Among the records below, how many lines contain "with"? State the number and nothing more.

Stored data

== Segment start ==

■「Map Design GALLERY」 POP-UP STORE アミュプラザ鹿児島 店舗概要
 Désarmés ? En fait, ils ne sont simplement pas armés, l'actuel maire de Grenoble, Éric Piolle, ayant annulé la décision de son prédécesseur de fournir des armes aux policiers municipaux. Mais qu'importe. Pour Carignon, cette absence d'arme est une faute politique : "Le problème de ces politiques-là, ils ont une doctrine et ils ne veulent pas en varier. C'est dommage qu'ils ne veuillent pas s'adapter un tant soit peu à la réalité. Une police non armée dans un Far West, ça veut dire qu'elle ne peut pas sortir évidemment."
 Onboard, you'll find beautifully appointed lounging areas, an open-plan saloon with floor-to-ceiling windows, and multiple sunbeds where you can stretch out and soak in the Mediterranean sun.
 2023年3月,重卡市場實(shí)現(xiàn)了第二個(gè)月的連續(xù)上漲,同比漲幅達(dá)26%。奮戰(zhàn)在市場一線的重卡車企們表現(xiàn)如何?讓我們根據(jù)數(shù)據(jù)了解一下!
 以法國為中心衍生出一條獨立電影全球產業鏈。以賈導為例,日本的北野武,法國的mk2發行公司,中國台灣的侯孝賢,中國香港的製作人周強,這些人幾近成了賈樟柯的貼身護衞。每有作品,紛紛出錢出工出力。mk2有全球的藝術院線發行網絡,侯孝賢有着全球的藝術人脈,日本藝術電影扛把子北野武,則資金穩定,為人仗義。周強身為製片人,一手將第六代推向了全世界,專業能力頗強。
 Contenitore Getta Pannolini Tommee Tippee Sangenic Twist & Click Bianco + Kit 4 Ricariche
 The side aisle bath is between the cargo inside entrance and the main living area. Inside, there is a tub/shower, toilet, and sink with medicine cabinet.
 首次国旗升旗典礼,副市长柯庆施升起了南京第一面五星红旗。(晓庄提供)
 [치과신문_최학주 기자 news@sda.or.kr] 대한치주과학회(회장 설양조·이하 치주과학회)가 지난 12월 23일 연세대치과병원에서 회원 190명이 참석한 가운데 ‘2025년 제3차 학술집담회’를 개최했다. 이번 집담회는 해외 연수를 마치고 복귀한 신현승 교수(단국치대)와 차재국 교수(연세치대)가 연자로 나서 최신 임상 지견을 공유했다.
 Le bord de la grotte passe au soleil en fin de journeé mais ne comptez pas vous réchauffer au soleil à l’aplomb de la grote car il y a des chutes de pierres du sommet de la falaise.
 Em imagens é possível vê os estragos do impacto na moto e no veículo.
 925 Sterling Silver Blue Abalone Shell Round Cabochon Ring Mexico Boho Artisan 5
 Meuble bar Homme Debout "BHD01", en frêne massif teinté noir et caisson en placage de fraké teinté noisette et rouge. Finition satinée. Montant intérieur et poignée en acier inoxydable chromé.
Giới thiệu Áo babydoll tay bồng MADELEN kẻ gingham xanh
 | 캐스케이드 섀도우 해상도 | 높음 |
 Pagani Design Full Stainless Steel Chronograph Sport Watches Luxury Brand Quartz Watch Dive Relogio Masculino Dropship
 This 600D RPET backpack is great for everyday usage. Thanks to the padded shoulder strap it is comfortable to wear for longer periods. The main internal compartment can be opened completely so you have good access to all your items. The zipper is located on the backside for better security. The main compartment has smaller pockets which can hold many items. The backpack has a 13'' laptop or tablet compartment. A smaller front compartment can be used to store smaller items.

== Segment end ==

__Response box__
2